Take the 50 billion people connected to the internet at speeds greater then 10mbps by '22. What you don't know, is that most internet links already have that capability, and already being piped into your home. Do you know why some files download at 3 mbps on a regular subscriber line, and others at a mere 300kbps? The answer is not the internet itself, but rather the servers on the other end.
The internet today in the US is made up of hundreds of sophisticated routers with a switch fabric of over 720 gbps. In many cases, the network itself is many times faster then most home PC's.
I get so tired of hearing about how we are 'running out of bandwidth'. I want to know who said that, and what makes them think that we are even close. We were running out of IP4 addresses, but that was solved with the advent of IPv6, which will support over 8 octillion addresses. Currently, the internet is ran at about 1-5% it's potential.
So now lets begin. Add about 4,000,000,000 to the internet at 10 mbps (this hardly needs much of an upgrade on the internet itself).
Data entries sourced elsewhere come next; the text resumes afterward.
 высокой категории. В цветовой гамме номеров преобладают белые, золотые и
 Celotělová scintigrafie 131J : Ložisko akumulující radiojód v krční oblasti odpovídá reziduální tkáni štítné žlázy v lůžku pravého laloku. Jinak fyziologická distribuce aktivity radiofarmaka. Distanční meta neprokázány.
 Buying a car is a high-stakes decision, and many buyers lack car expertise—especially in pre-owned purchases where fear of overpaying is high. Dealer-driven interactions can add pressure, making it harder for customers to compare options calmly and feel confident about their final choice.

Now take the existing 1,000,000,000(est), and increase their BW by about 3 times what they already have available. A few hundred more routers, and the power to make it all happen, and BAM! No, I see this happening well before '22.
All this alone will require a massive amount of power, so we will either need to adopt nuclear power as a main source, or find another source. A corollary to this would be to use solar power. Due to the advent of nano technology by that time,less power will be needed for home systems. This will take a bit of the load off of the main lines.
So, I see all this as technologically feasible. The only catch I could think of is the age old 'just because you can, does not mean that you should' adage.
I take that back actually. How do you think humanity will deal with such a environment?

GK

brokerdavelhr,

I don't know about too much happening before the dates. If it goes as you say, then the Singularity is set for well before 2050.
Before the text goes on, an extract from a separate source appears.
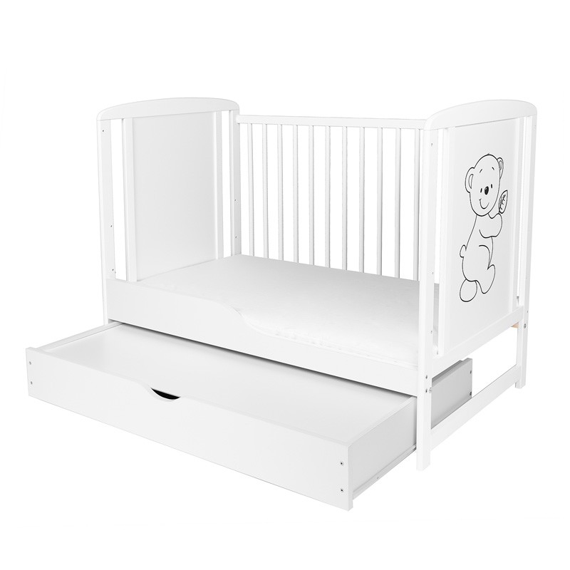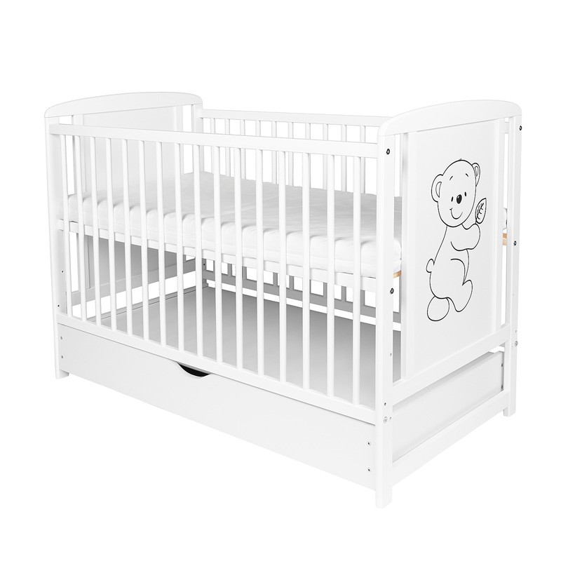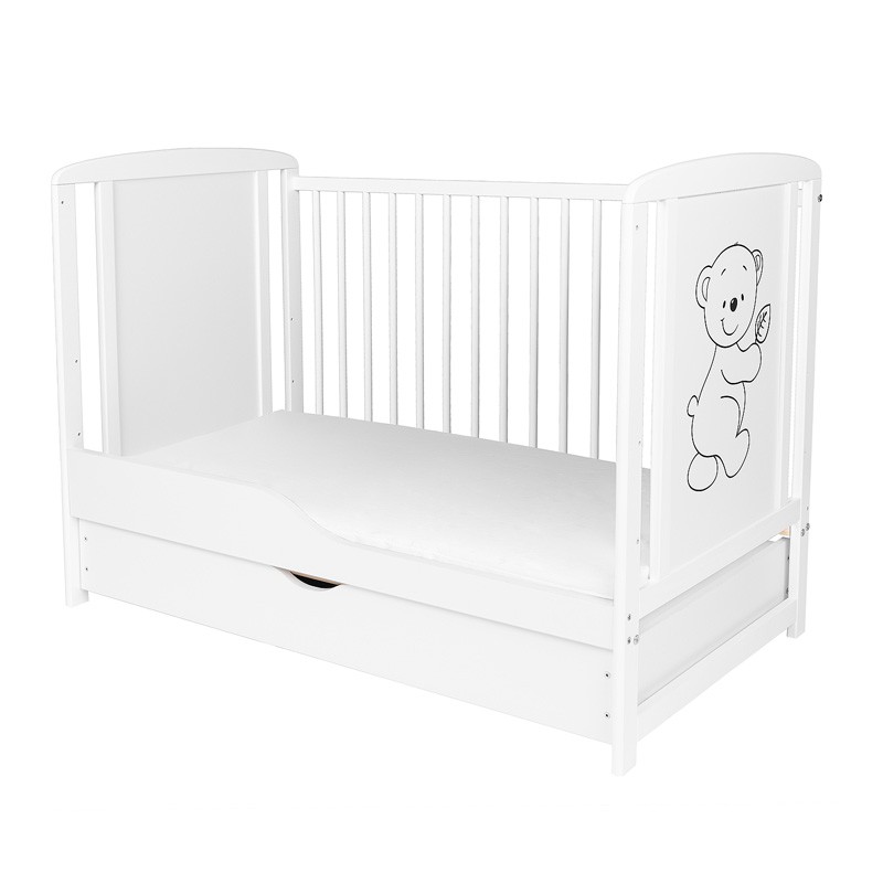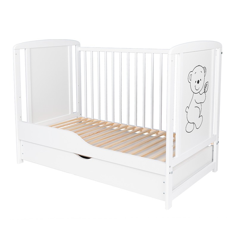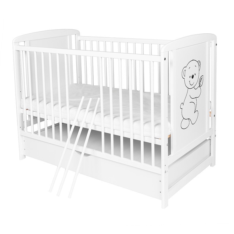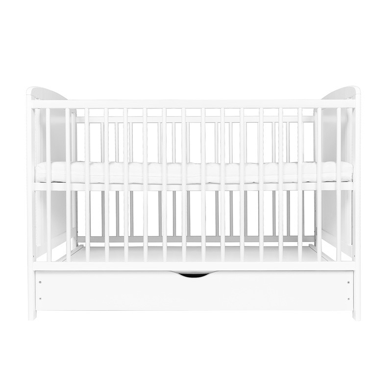 Pătuț pentru copii din lemn de pin clasa I, cu bază reglabilă pe 3 niveluri, 3 bare detașabile și pregătire pentru sertar din lemn, în culoare albă, pentru saltea 120 x 60 cm.

The core routers are not the bottleneck, rather the 'last mile' and other home/curb infrastructure is, particularly for developing regions.

Even if the first 100 million people get the best technology, it takes time to get it down to 5 billion people (out of 7 billion in the world) in 2022.

C.S

Hmm, I believe by 2030-35, at least in the U.S, (and I am in NYC too), AEV or LEV, as Aubrey de Grey puts it, will be at 50% or higher. At the very least there will be technologies to extend life-spans of people who are in their 50's to 100 years easily putting them over the top (probably what Kurzweil is hoping too).

It's not so much I care since I am in my early 20's but I hope these technologies come out quickly for my father's sake.

Rob R.

How exactly did you arrive at these dates? Kurzweil is more optimistic, predicting AI able to pass the Turing test in 2029 for example.

By the way, here in Holland most people already have >10Mbps connection to their homes. I have 20Mbps DSL for 20 euro a month.

The rates things are going, i expect to have 20Gbps in 2022 :*)

GK

Kurzweil is more optimistic, predicting AI able to pass the Turing test in 2029 for example.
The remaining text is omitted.